Transcribe the full listing without changing a word, and omit its pictures.

======== Materials provided ========

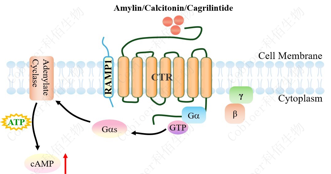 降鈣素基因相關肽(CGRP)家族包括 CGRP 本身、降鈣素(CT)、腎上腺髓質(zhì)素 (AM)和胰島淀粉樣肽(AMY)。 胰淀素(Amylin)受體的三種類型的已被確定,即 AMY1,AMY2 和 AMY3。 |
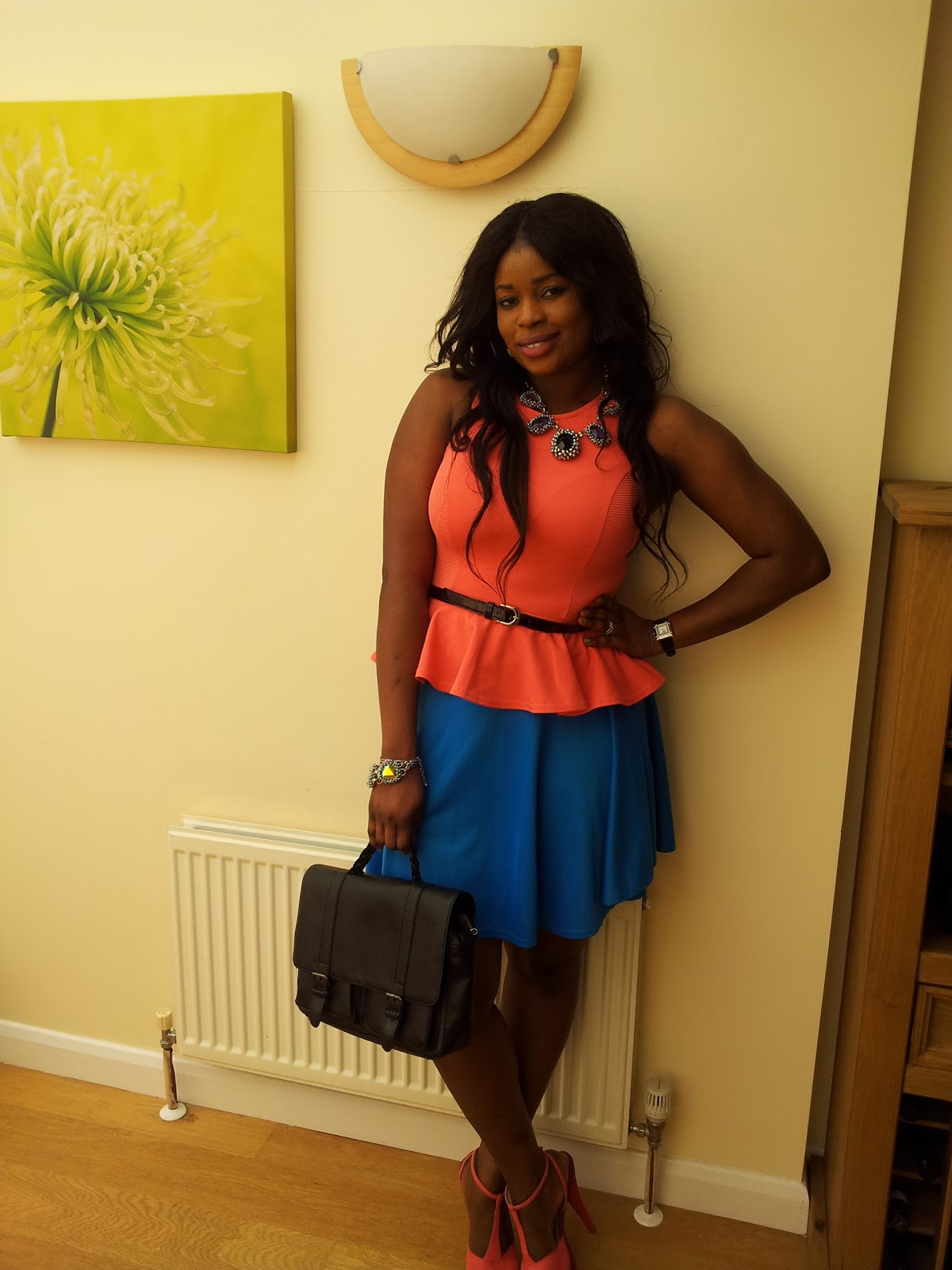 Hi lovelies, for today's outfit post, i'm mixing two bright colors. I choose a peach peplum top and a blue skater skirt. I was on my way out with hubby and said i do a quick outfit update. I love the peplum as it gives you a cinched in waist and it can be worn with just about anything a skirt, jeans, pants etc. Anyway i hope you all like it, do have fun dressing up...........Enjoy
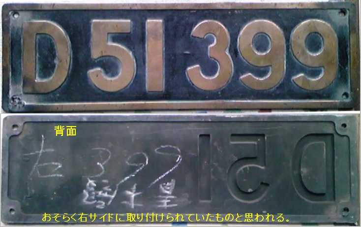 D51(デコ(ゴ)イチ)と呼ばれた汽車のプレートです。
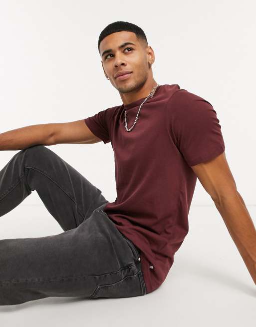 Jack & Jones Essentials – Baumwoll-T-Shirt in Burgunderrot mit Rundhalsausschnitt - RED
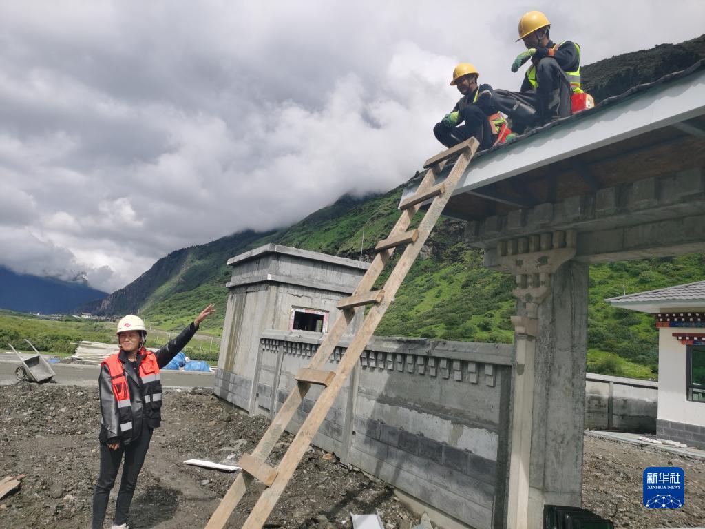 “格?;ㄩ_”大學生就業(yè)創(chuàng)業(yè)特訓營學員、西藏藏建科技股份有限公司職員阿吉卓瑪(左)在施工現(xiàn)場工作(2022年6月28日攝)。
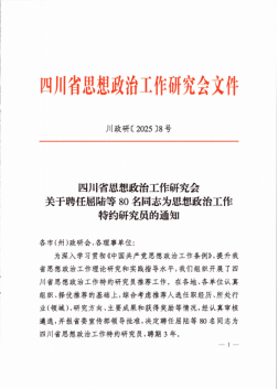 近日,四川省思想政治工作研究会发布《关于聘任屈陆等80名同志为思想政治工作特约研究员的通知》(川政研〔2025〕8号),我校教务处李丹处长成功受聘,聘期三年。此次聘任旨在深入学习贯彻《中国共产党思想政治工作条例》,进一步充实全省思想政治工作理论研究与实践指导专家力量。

========

### Output
 降鈣素基因相關肽(CGRP)家族包括 CGRP 本身、降鈣素(CT)、腎上腺髓質(zhì)素 (AM)和胰島淀粉樣肽(AMY)。 胰淀素(Amylin)受體的三種類型的已被確定,即 AMY1,AMY2 和 AMY3。 |
 Hi lovelies, for today's outfit post, i'm mixing two bright colors. I choose a peach peplum top and a blue skater skirt. I was on my way out with hubby and said i do a quick outfit update. I love the peplum as it gives you a cinched in waist and it can be worn with just about anything a skirt, jeans, pants etc. Anyway i hope you all like it, do have fun dressing up...........Enjoy
 D51(デコ(ゴ)イチ)と呼ばれた汽車のプレートです。
 Jack & Jones Essentials – Baumwoll-T-Shirt in Burgunderrot mit Rundhalsausschnitt - RED
 “格?;ㄩ_”大學生就業(yè)創(chuàng)業(yè)特訓營學員、西藏藏建科技股份有限公司職員阿吉卓瑪(左)在施工現(xiàn)場工作(2022年6月28日攝)。
 近日,四川省思想政治工作研究会发布《关于聘任屈陆等80名同志为思想政治工作特约研究员的通知》(川政研〔2025〕8号),我校教务处李丹处长成功受聘,聘期三年。此次聘任旨在深入学习贯彻《中国共产党思想政治工作条例》,进一步充实全省思想政治工作理论研究与实践指导专家力量。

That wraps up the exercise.